Share

Italy and Europe, too many misunderstandings: it's time to resume the dialogue

In Italy, Europe appears as the surly controller of the budget that prevents the revival of the economy, as the unjust flogger of the banks and as the miserly dispenser of aid for immigration, while Europe once again sees us as a Country refractory to budgetary discipline and rules but the facts contradict both and it's up to the Gentiloni government to heal the wounds and move on

The state of relations between our country and the European Union is bad, and even more worrying is the incomprehension of both sides' reasons that is deepening between national elites and in public opinion. And yet, there have been positive economic policy decisions at every level which have contributed to the cohesion of the system.

In Italy, Europe appears as the surly controller of the budget that prevents the economy from being revived, the unjust flogger of the banks, the miserly dispenser of the aid necessary to manage unstoppable migratory flows - a problem that now concerns almost exclusively the 'Italy, the only European country in which migrants can enter, but from which they can no longer leave.
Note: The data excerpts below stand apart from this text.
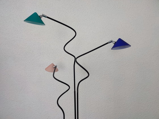 The Pola design (Amsterdam NL) floor lamp is a sophisticated addition to any modern interior. With its sleek, black metal base and three colorful lampshades in green, blue, and pink, this lamp offers a playful yet elegant look that enlivens any space.
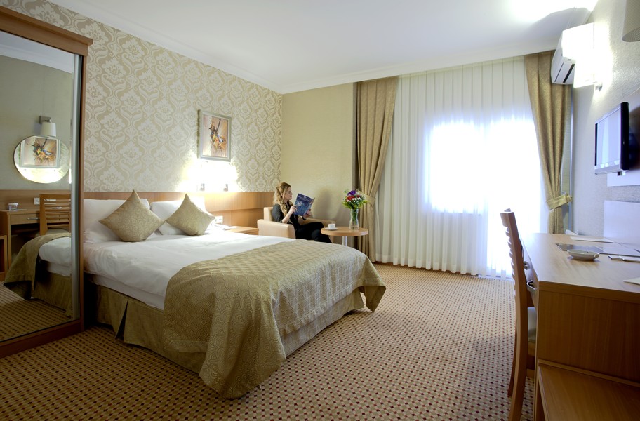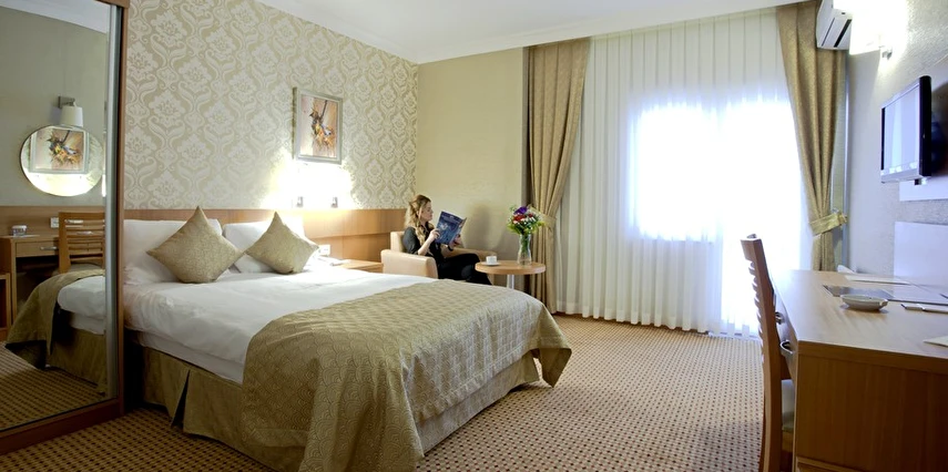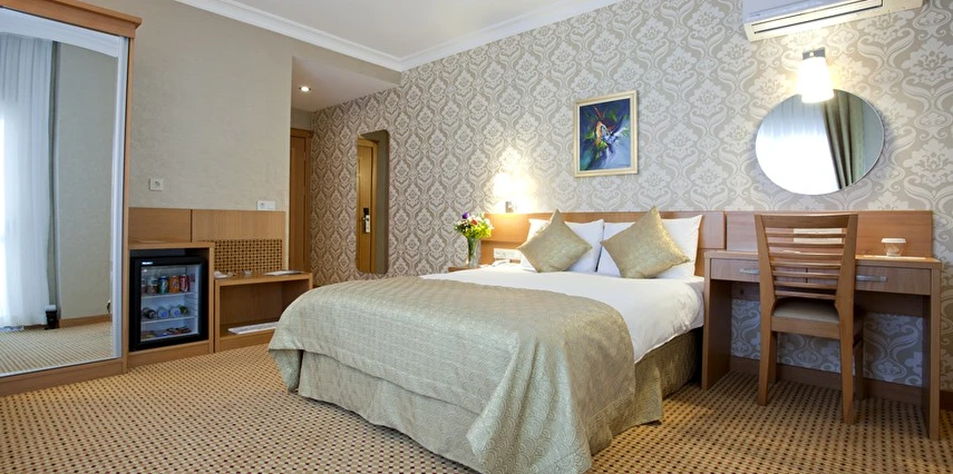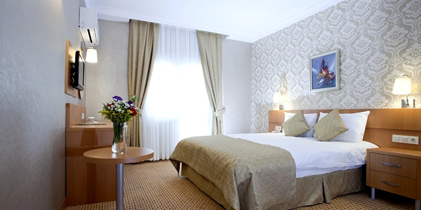 Otelin odaları, konaklama boyunca ihtiyaç duyulan temel konforu karşılayacak şekilde düzenlenmiştir. Gün içinde şehirde vakit geçiren veya iş programı bulunan misafirler için dinlenmeye uygun bir ortam sunar.
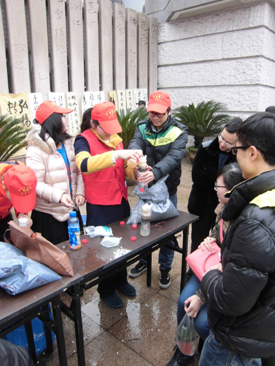 4日,我校志愿者参加了西湖区“弘扬雷锋精神,践行节约用水”为民服务日现场活动,志愿者发挥专业特长用科学小实验向市民展示如何节水、净水,循环用水(图1),受到市民欢迎。

Substantial layers of industrial and financial management show distrust in our ability to stay in the euro; some even hope for our exit from the common currency, I fear without carefully evaluating the consequences (on the subject, I suggest consulting the Greek premier Tsipras, who changed course when the end of the ECB's liquidity support forced the banks to close). He certainly did not help the public rhetoric of the outgoing government which was excessively and unnecessarily aggressive towards Europe, in the vain hope of taking away ground from the populists of Grillo and Salvini. It didn't work to collect votes, but it fueled public opinion's hostility towards Europe.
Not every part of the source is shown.